The Supreme Court held that the parties who privately agree to settle their dispute outside the modes contemplated under Section 89 of the Code of Civil Procedure are also entitled to refund of Court fees.
In this regard, Section 89 should be interpreted liberally in a manner that would serve its object and purpose, a Bench of Justices Mohan M Shantanagoudar and Vineet Saran held.
The Court, therefore, turned down an appeal filed by Madras High Court against its own decision directing refund of court fees to litigants.
In this case, the Madras High Court (administrative side) approached the Apex Court challenging the High Court judgment which held that Section 89 of the CPC, and Section 69A of the Tamil Nadu Court Fees and Suit Valuation Act, 1955, would cover all methods of out of court dispute settlement between parties that the Court subsequently finds to have been legally arrived at. Section 69A of the 1955 Act deals with refund on settlement of disputes under section 89 CPC. It provides that, where the Court refers the parties to the suit to any of the modes of settlement of dispute referred to in section 89 CPC, the fee paid shall be refunded upon such reference and such refund need not await for settlement of the dispute. Under Section 89 CPC, four modes of settlement are contemplated: (a) arbitration; (b) conciliation; (c) judicial settlement including settlement through Lok Adalat: or (d) mediation.
[In the present case, while the appeals were still pending consideration before the High Court, the parties entered into a private out of court settlement, thus resolving the controversy between them. The High Court Registry refused the request for refund of court fees, on the ground that such refund is not authorised by the relevant rules.]
In addressing the question of whether the refund of court fee was permissible under the relevant rules, the Madras High Court had considered Section 69A of the Tamil Nadu Court Fees and Suit Valuation Act, 1955. The said provision provides for refund of court fees on settlement of disputes under Section 89 of Code of Civil Procedure.

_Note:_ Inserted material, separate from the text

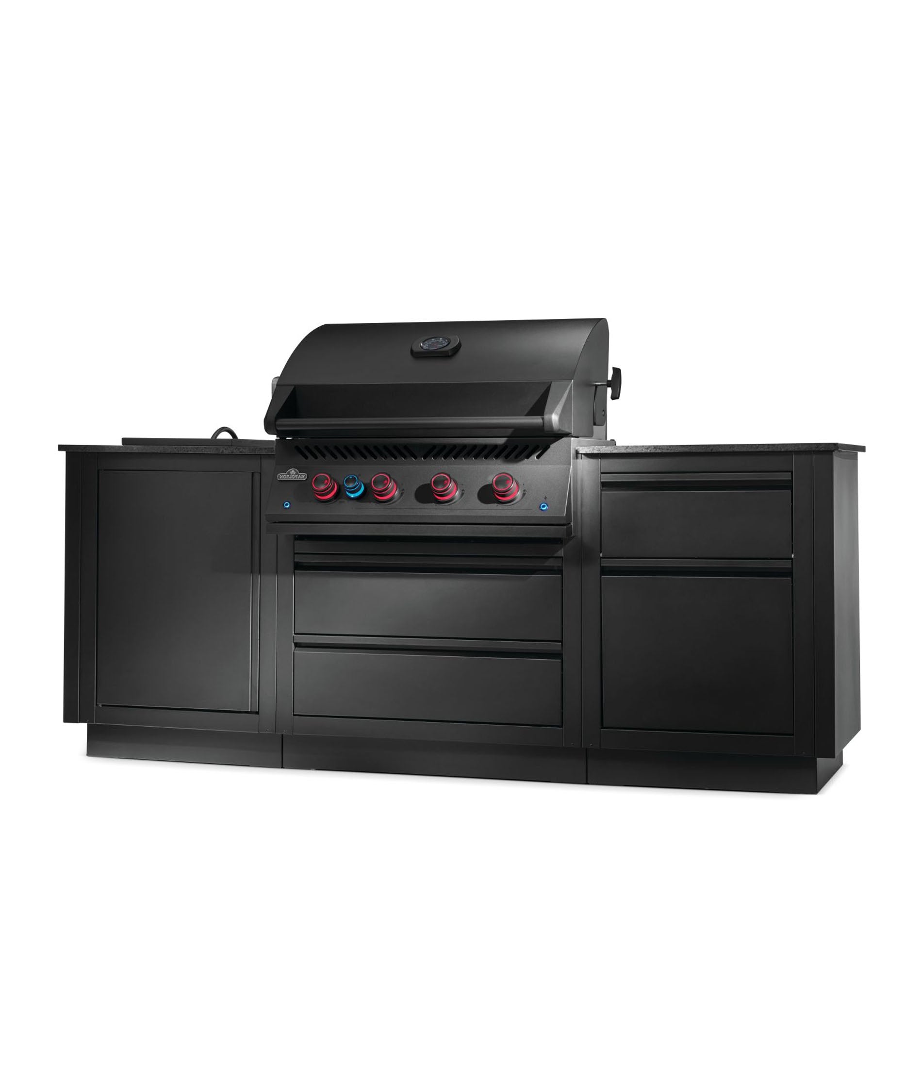 The Napoleon OASIS™ 300 Outdoor Kitchen with Built-in 700 Series 32" Grill is a sophisticated addition to any modern outdoor living space. Its wing-shaped modular island design offers ample storage and workspace, complemented by a full-sized, 700 Series 32-inch gas grill head. Crafted with durable matte black, powder-coated galvanic steel, this kitchen is built to withstand the elements. Features like a rollout propane tank storage cabinet and customizable countertop options ensure both functionality and style, making it a perfect centrepiece for outdoor entertaining.

Section 89 of CPC provides that when the court feels that there exists scope for settlement, then it can formulate the terms of settlement and refer the parties to arbitration, conciliation or mediation.
The bench observed that this contention, if accepted, would lead to an absurd and unjust outcome, where two classes of parties who are equally facilitating the object and purpose of the aforesaid provisions are treated differentially, with one class being deprived of the benefit of Section 69A of the 1955 Act.
"In such cases, the Court may, having regard to the previous conduct of the parties and the principles of equity, refuse to grant relief under the relevant rules pertaining to court fees. However, we do not find the present case as being of such nature", it said.
"Though the Registry/State Government will be losing a onetime court fee in the short term, they will be saved the expense and opportunity cost of managing an endless cycle of litigation in the long term. It is therefore in their own interest to allow the claim.", the bench added.
The Court, therefore, upheld the judgment of the High Court and dismissed the appeal.